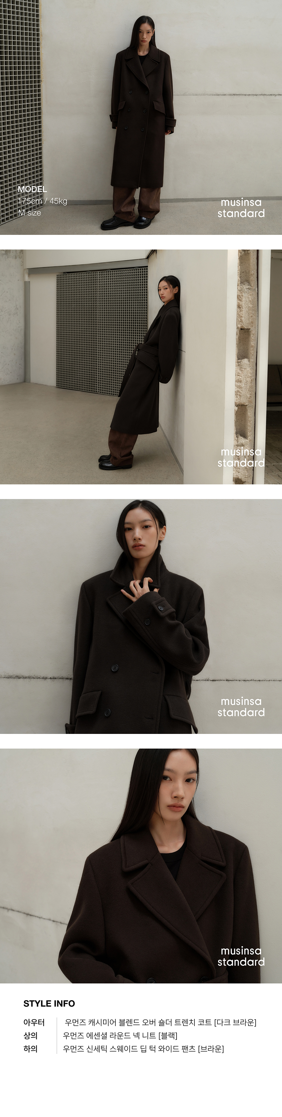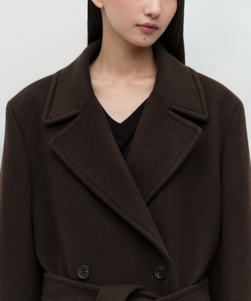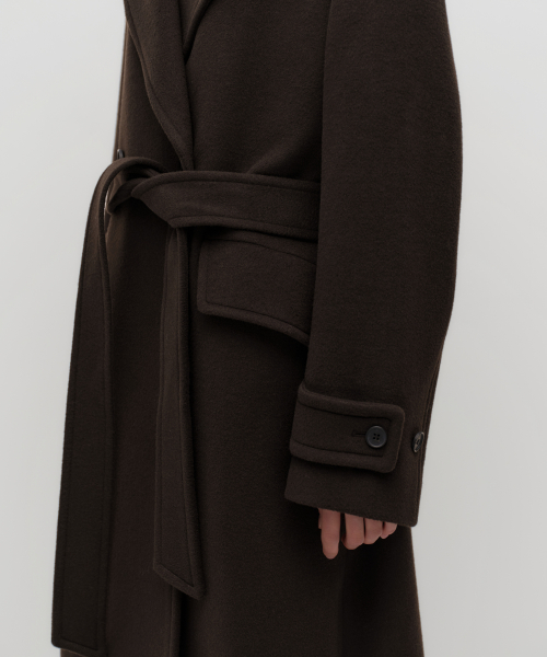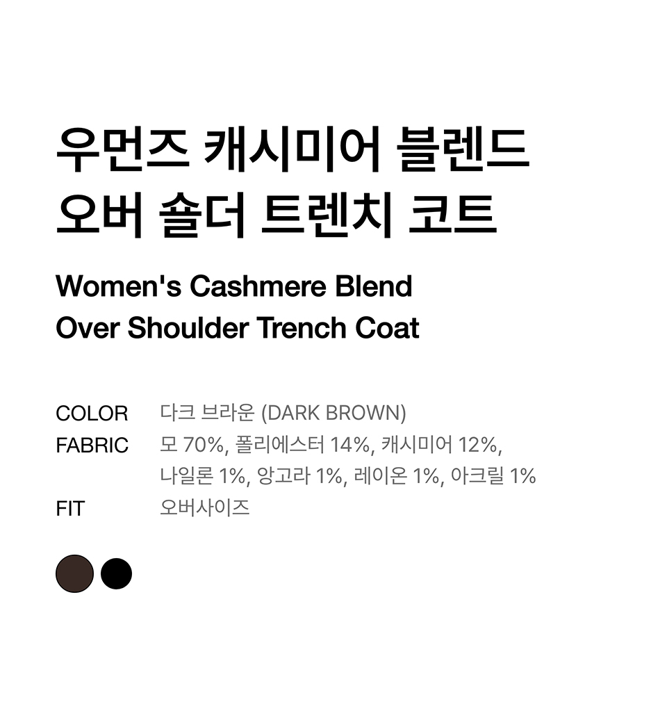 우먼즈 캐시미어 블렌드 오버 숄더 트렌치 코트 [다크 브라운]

◆ ◆ ◆

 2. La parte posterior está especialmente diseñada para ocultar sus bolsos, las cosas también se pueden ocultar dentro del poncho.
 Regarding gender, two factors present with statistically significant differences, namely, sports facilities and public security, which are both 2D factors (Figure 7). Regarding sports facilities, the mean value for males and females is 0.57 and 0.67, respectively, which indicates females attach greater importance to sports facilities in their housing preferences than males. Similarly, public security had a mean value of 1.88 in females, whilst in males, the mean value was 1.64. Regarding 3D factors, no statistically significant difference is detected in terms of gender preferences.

◆ ◆ ◆

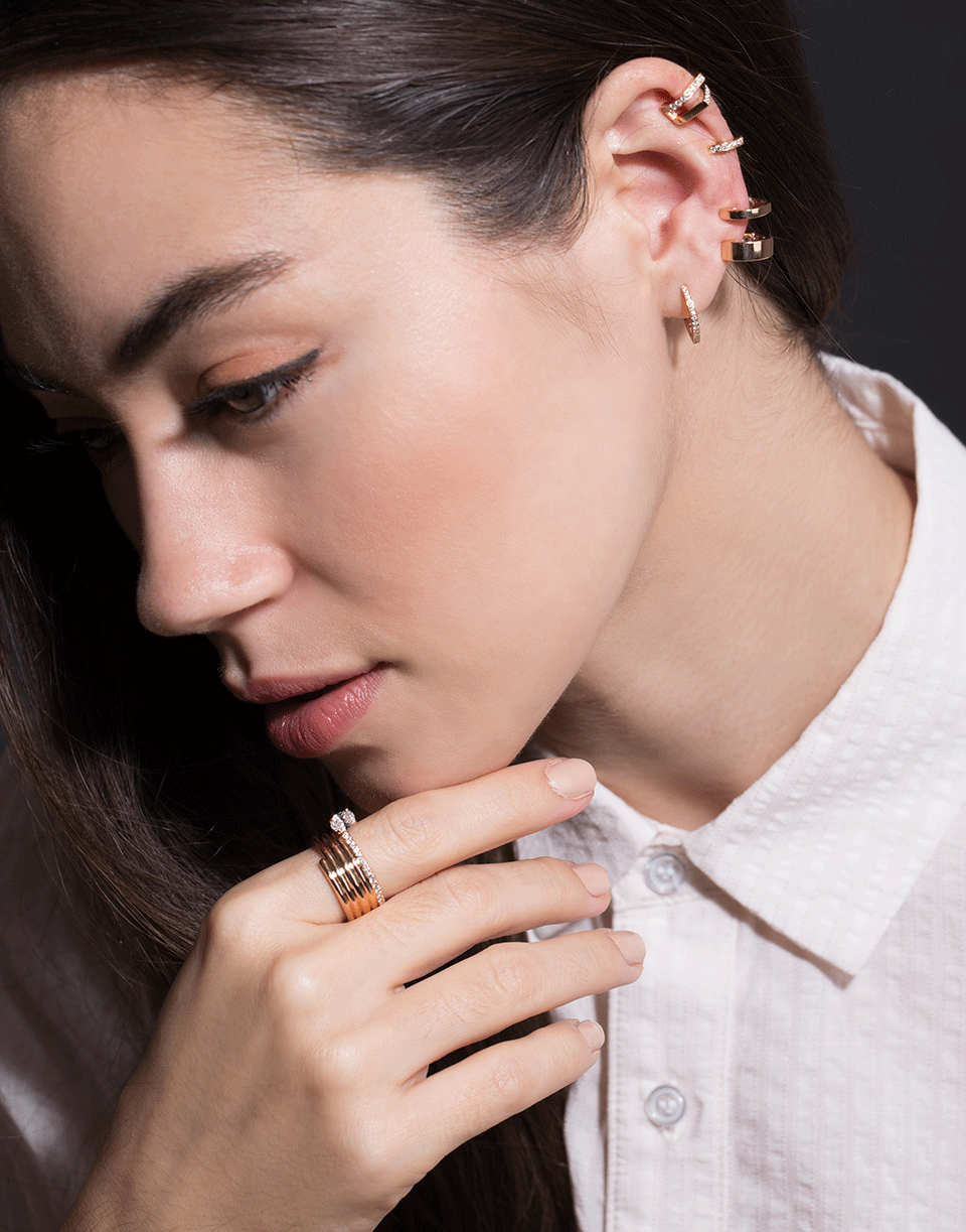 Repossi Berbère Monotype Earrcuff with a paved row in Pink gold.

◆ ◆ ◆

→ **WHAT THE TASK ASKS**:
Within the material above, the line with "2. La parte" opens the range and the line with "Regarding gender, two" closes it; reproduce that range word for word.

→ **RESULT BELOW**:
 2. La parte posterior está especialmente diseñada para ocultar sus bolsos, las cosas también se pueden ocultar dentro del poncho.
 Regarding gender, two factors present with statistically significant differences, namely, sports facilities and public security, which are both 2D factors (Figure 7). Regarding sports facilities, the mean value for males and females is 0.57 and 0.67, respectively, which indicates females attach greater importance to sports facilities in their housing preferences than males. Similarly, public security had a mean value of 1.88 in females, whilst in males, the mean value was 1.64. Regarding 3D factors, no statistically significant difference is detected in terms of gender preferences.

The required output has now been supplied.